Penny in bed, avacodo toast for breakfast, a trip out to get some small computer speakers for my downstairs workstation with Penny, a trip to BJs to get odds and ends also with Penny, then home again. 

Doggo up again, walk and play and eventually put down again.  This cycle Penny did most of the work with Shelley and for that I was grateful.  It allowed me to play Prince of Persia:  The Crown

I turned the difficulty all the way down and finished the game.  For most of the game, at least 70% of it, I was playing with stock difficulty but at the tail end the boss fights became huge to-dos, the kind of thing you wpend a full hour on, each, memorizing patterns and getting the responses hard wired into your head, see this jump and slash by the boss with the red-eye tell, this means you double jump, then at the tip of your seond jump press the shadow button, then dash, then return to your shadow which gives you some extra hang time and allows you one extra jump and dash, so now you jump and dash for the final .5 seconds of hang time, and you've avoided this attack.  All that for one attack.  The boss will have six or seven of these to memorize and get into your muscle memory. 

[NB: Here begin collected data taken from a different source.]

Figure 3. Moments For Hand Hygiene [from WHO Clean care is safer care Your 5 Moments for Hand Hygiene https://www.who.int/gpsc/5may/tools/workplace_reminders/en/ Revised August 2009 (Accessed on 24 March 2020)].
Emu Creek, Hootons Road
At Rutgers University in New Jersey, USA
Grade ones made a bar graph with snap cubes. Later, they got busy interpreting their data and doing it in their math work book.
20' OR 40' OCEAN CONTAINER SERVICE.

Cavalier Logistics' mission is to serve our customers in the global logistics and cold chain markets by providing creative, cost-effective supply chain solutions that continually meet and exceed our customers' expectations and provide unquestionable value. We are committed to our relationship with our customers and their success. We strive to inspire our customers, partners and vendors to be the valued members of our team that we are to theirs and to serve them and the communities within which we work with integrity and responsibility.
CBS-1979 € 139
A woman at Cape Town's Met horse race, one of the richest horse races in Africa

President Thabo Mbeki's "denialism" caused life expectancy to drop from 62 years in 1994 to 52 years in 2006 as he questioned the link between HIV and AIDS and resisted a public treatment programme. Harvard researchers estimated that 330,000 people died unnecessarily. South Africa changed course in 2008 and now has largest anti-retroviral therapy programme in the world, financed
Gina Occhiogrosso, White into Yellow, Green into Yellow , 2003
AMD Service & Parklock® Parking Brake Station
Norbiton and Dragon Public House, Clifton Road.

I did this for one of the snake bosses and then realized:  I am not doing this for the others. 

Pirate king boss?  Cheat.

Valam?  Chear

Valam version 2?  Cheat.

After the boss fights, difficulty set back to normal, and I would go through the game.  Consult map, figure out where to go, use powers to jump around, solve puzzles.

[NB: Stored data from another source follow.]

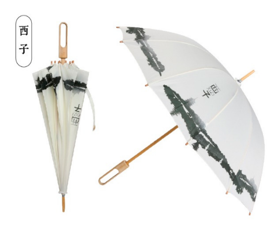
Image 8. Zhuyu umbrella inspired by silk umbrella with Bamboo structure, awarded IF prize, Red dot prize. http://www.ulibuy.com/productinfo.html?seqid=69409.

the of manual input. According to a designer involved in this project, there is a move to employ auto-machines or technologies to improve the making process and increase efficiency, so as to reduce the cost. If this is achieved, aside from the bamboo material, what can be recognized as a form of ICH that conveys the craftsmanship and local culture of silk umbrella? Although the original purpose was to revitalize ICH crafts, the umbrellas are now mass-produced. The umbrellas are sold at the price of approximately 300 yuan. However, the use of bamboo structure is unique and greatly reduces the environmental impact. Therefore, compared to other mass-produced umbrellas in the Chinese market, these are more popular despite being more expensive.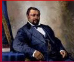
Blanche Bruce 1875-1881 Rep. Mississippi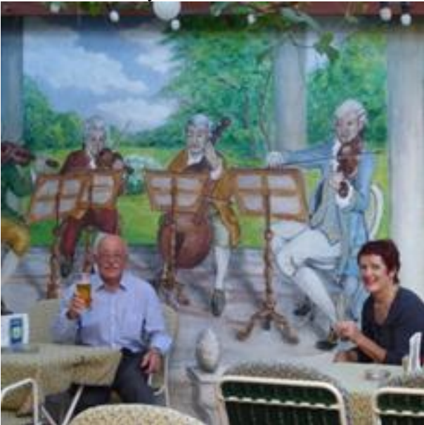
Hainburg, Germany still 800kms to go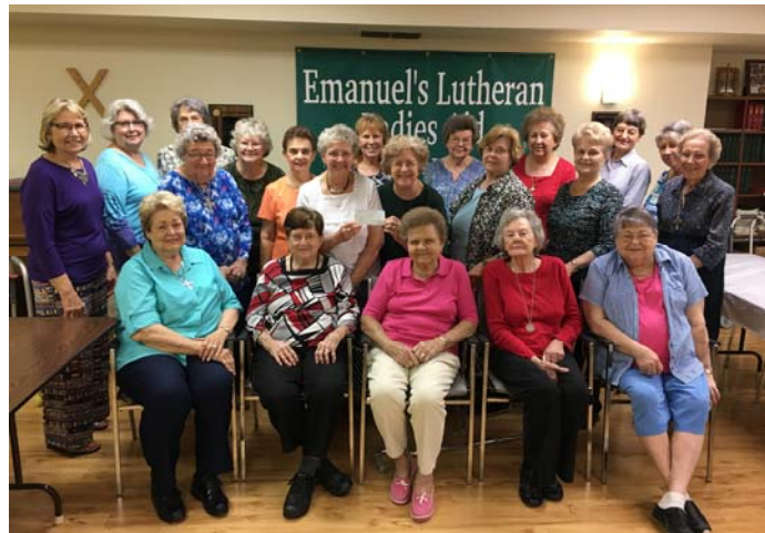
Emanuel's Ladies Aid donating money to the Christian Cupboard.

So I finished it and gave it back to Penny.  We put the dog down and went to the library.  I checked out the Kirby game I've wanted to play for a while on the Switch only to find that it is locked at 30fps.  It doesn't look great.  There is a patch for it coming out in November along with some DLC but it's $20 and doesn't help me today anyway.  So I'm blowing through it as fast as I can, just to get a taste of the experience.  My understanding is that it's not a long game.  One of the guys on this Youtube channel that I watch called My Life In Gaming said that he unexpectedly loved it, and not because of the challenge (there is very little to be had for a seasoned adult gamer) but because it is unique and does things that no other game does – as a result, he actually felt something close to wonder, at times.

I don't feel wonder but it's interesting to bolt through.  As Kirby I have, so far, inhaled cars, vending machines, electronic fan blowers, staircases, and murphy beds.  This along with the standard fare Kirby stuff, swords and fire and spikes and so on.  

After the library we also hit stop and shop to make sure Penny had everything for the week.

got home.  I made a snack.  Cheese, crackers, some kind of meat from Stop and Shop that I will spell wrong:  Prosscuitto.  Then I succummbed, finally, to the desire to nap.  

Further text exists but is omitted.